At the end of the process all points are sorted according to order imposed by the dendrogram.

def seriation(Z,N,cur_index):
    '''
        input:
            - Z is a hierarchical tree (dendrogram)
            - N is the number of points given to the clustering process
            - cur_index is the position in the tree for the recursive traversal
        output:
            - order implied by the hierarchical tree Z
            
        seriation computes the order implied by a hierarchical tree (dendrogram)
    '''
    if cur_index < N:
        return [cur_index]
    else:
        left = int(Z[cur_index-N,0])
        right = int(Z[cur_index-N,1])
        return (seriation(Z,N,left) + seriation(Z,N,right))
    
def compute_serial_matrix(dist_mat,method="ward"):
    '''
        input:
            - dist_mat is a distance matrix
            - method = ["ward","single","average","complete"]
        output:
            - seriated_dist is the input dist_mat,
              but with re-ordered rows and columns
              according to the seriation, i.e. the
              order implied by the hierarchical tree
            - res_order is the order implied by
              the hierarhical tree
            - res_linkage is the hierarhical tree (dendrogram)
        
        compute_serial_matrix transforms a distance matrix into 
        a sorted distance matrix according to the order implied 
        by the hierarchical tree (dendrogram)
    '''
    N = len(dist_mat)
    flat_dist_mat = squareform(dist_mat)
    res_linkage = linkage(flat_dist_mat, method=method,preserve_input=True)
    res_order = seriation(res_linkage, N, N + N-2)
    seriated_dist = np.zeros((N,N))
    a,b = np.triu_indices(N,k=1)
    seriated_dist[a,b] = dist_mat[ [res_order[i] for i in a], [res_order[j] for j in b]]
    seriated_dist[b,a] = seriated_dist[a,b]
    
    return seriated_dist, res_order, res_linkage

Observe that the order obtained depends strongly on the agglomerative hierarchical clustering method chosen. In particular, using these 4 methods, we do not recover the original order (which was not supposed to be ‘optimal’ - whatever that means - intraclass-wise anyway).

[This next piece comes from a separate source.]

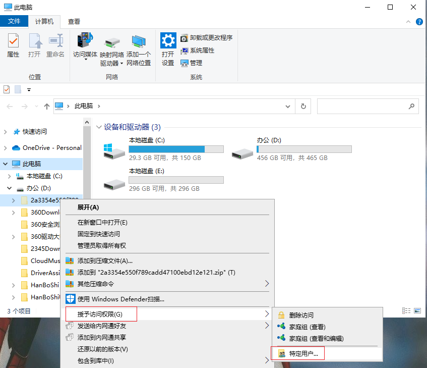 2.進入后選擇要共享的文件夾,然后右鍵打開下拉菜單欄,依次選擇【授權訪問權限】-【特定用戶】。
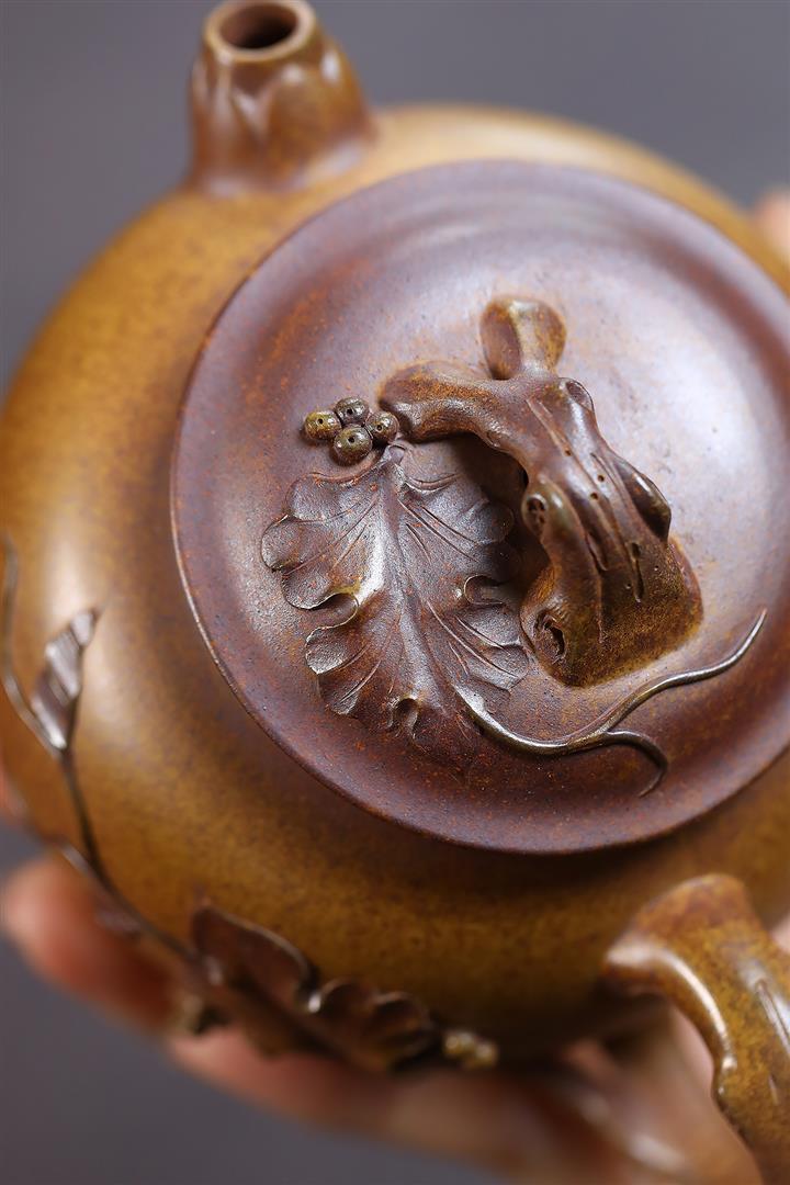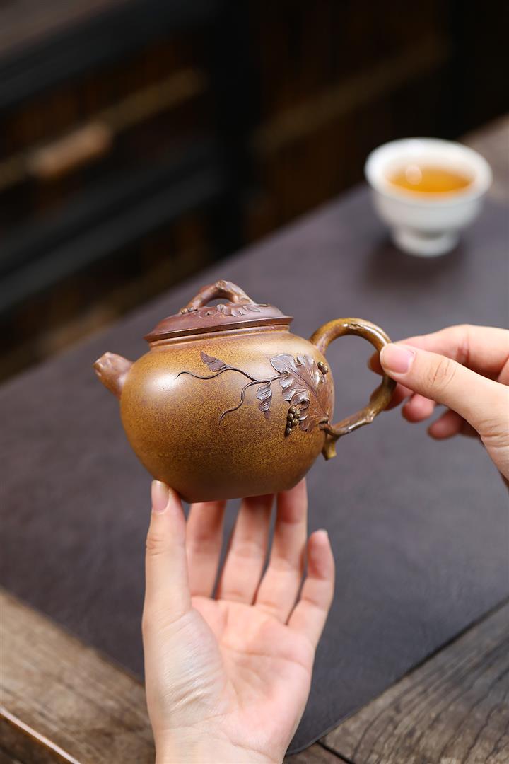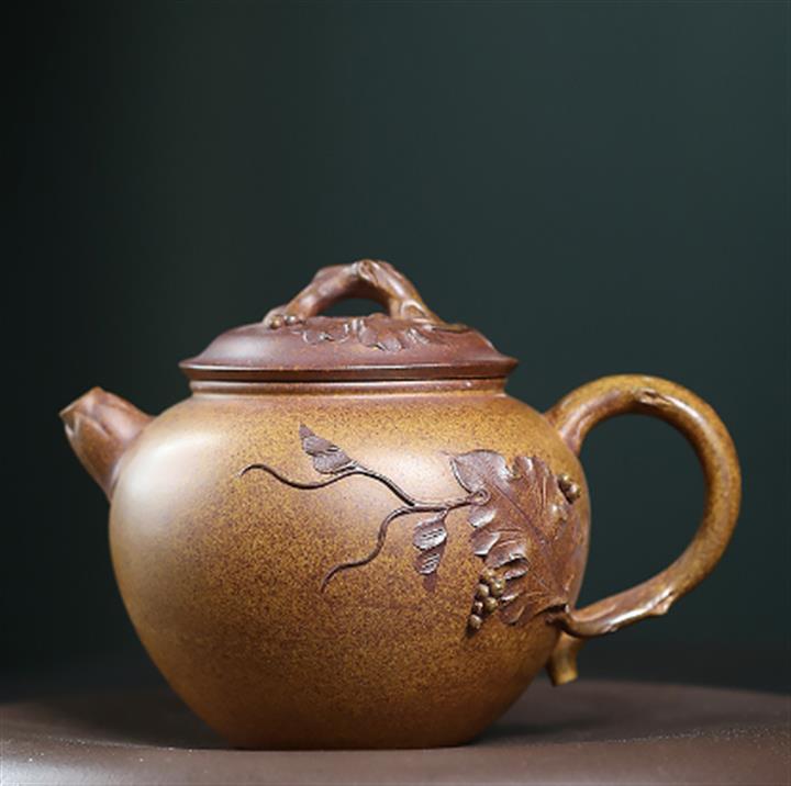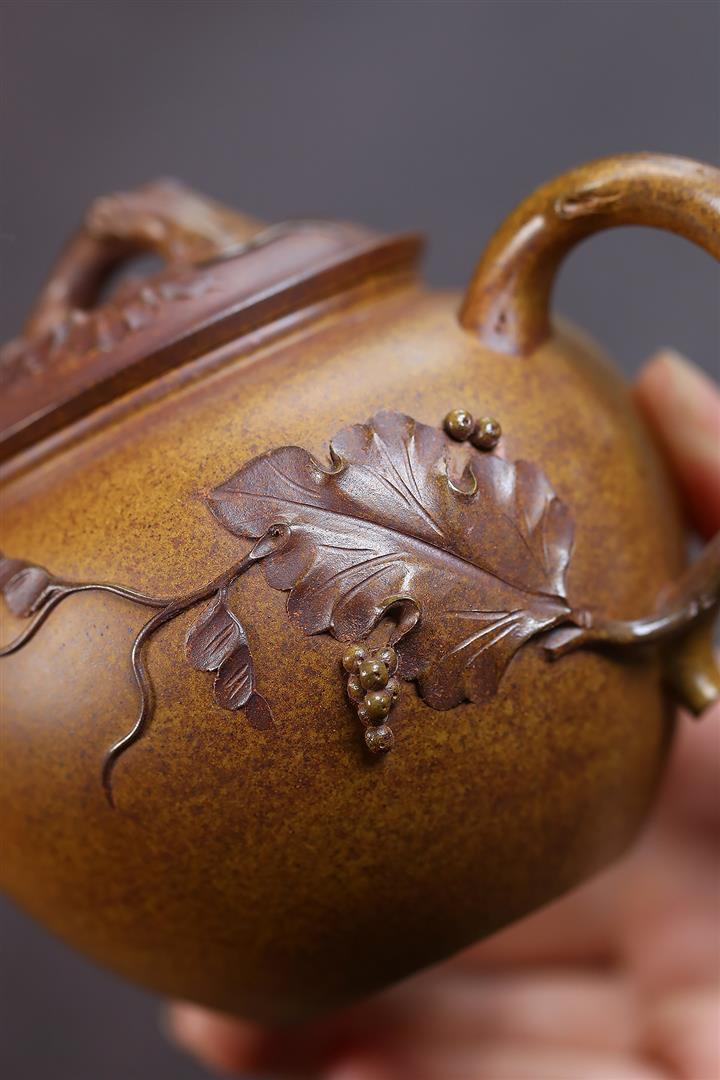 260cc原礦龍骨金砂泥繪葡萄容天茶壺POT8973

methods = ["ward","single","average","complete"]
for method in methods:
    print("Method:\t",method)
    
    ordered_dist_mat, res_order, res_linkage = compute_serial_matrix(dist_mat,method)
    
    plt.pcolormesh(ordered_dist_mat)
    plt.xlim([0,N])
    plt.ylim([0,N])
    plt.show()
Method:	 ward

Method:	 single

Method:	 average

Method:	 complete

To conclude, using a hierarchical clustering method in order to sort a distance matrix is a heuristic to find a good permutation among the n! (in this case, the 150! = 5.713384e+262) possible permutations. It won’t in general find the best permutation (whatever that means) as you do not choose the optimization criterion, but it is inherited from the clustering algorithm itself.

There are other techniques available, for example based on eigenvectors (cf. this paper for a survey of reordering algorithms for matrices).

Finally, one should prefer to visualize the sorted distance matrix using a hierarchical clustering algorithm if one intends to use the same hierarchical clustering algorithm for further processing: It helps to find the underlying number of clusters, to understand how ‘dense’ a cluster is (color/values of the block on the diagonal) or how ‘far’ it is from other clusters (color/values outside the diagonal). It can also help to spot spurious clusters, i.e. clusters that were built by the clustering algorithm but which are not ‘dense’ at all and sometimes also distant from everything else.